Und trotzdem versichern sich Menschen in Risikozonen nicht ausreichend. Laut einer Studie der dortigen Verbraucherzentrale sind in Rheinland-Pfalz, durch das Flüsse wie Rhein, Mosel, Saar, Sieg, Lahn, Nahe oder Ahr fließen, nur 29 Prozent der betroffenen Wohngebäude gegen Elementarschäden versichert.

Das ist aber nicht nur Schuld der Einwohner: Einer Umfrage der Verbraucherzentrale unter 52 Versicherern im vergangenen Jahr zeigt, dass in gefährdeten Gebieten 79 Prozent aller hiesigen Gesellschaften von sich aus keine Absicherung gegen Starkregen und Hochwasser anbieten würden. Der GDV bestreitet dies.

Sie sollten sich trotzdem so schnell wie möglich darüber informieren, ob Ihre Immobilie gefährdet ist. Ein Weg ist der „Kompass Naturgefahren“ des GDV. Wenn Sie wissen wollen, ob ein Hochwasser droht, erfahren Sie dies im Bundesländer übergreifenden „Hochwasserportal“.

Für Sturm- und Hagelschäden kommt in der Regel die Hausrat- oder die Gebäudeversicherung auf. Dazu gehören zum Beispiel abgedeckte Dächer, zerstörte Schornsteine und Beschädigungen am Gebäude durch umgefallene Bäume. Auch Folgeschäden, wie vom Regen durchfeuchtete Fußböden oder Möbel, nachdem Sturm oder Hagel ein Fenster zerstört haben, sind im Normalfall abgedeckt.

Dafür muss aber der Sturm maßgeblich für den Schaden verantwortlich sein, und es muss mindestens Windstärke Acht geherrscht haben, also Winde mit rund 63 Stundenkilometern.

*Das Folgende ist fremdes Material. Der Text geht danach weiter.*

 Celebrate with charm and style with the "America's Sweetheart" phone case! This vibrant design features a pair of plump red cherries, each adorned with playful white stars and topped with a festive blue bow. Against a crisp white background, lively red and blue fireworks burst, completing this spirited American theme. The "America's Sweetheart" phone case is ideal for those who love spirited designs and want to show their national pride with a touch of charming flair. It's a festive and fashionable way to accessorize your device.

Eine Elementarschadenversicherung hat einige Besonderheiten. Sie können diese zum Beispiel nur als Zusatz zur Hausrat- oder Wohngebäudeversicherung abschließen und sich außerdem nicht gegen einzelne Naturgefahren versichern. Eine Selbstbeteiligung ist bei den meisten Versicherern die Regel.

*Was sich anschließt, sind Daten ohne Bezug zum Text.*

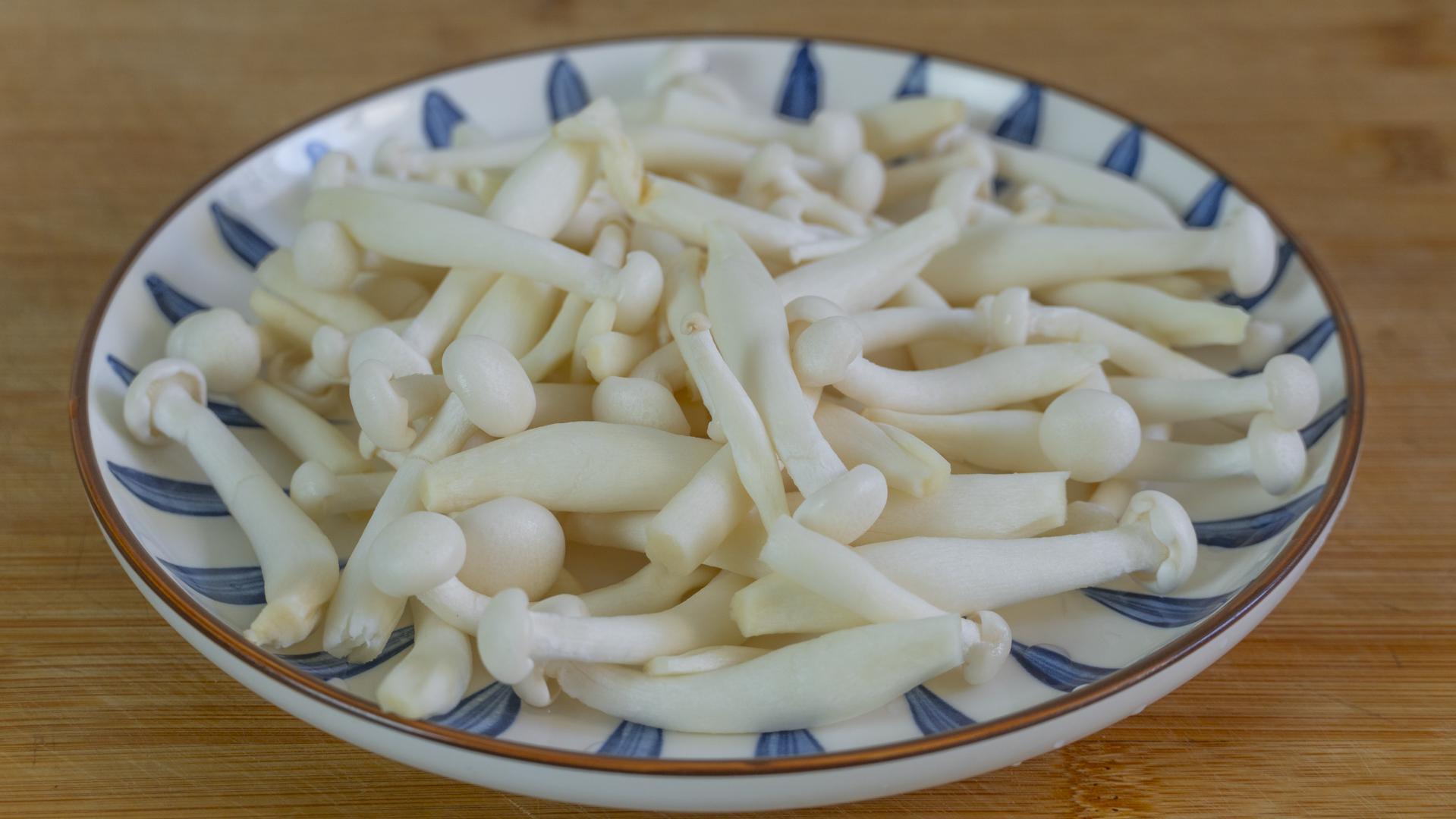 1、黑木耳1小把,加溫水泡發後洗淨;白玉菇1盒,去掉根部後洗淨,然後掰成小朵備用。

Die Experten von Finanztip.de raten vor allem, den „gleitenden Neuwert“ als Versicherungswert im Vertrag festzulegen. Denn: Im Gegensatz zum normalen Neuwert bleibe dieser Wert nicht hinter der Entwicklung der Baukosten zurück, die sich in den vergangenen Jahren stetig erhöht hätten.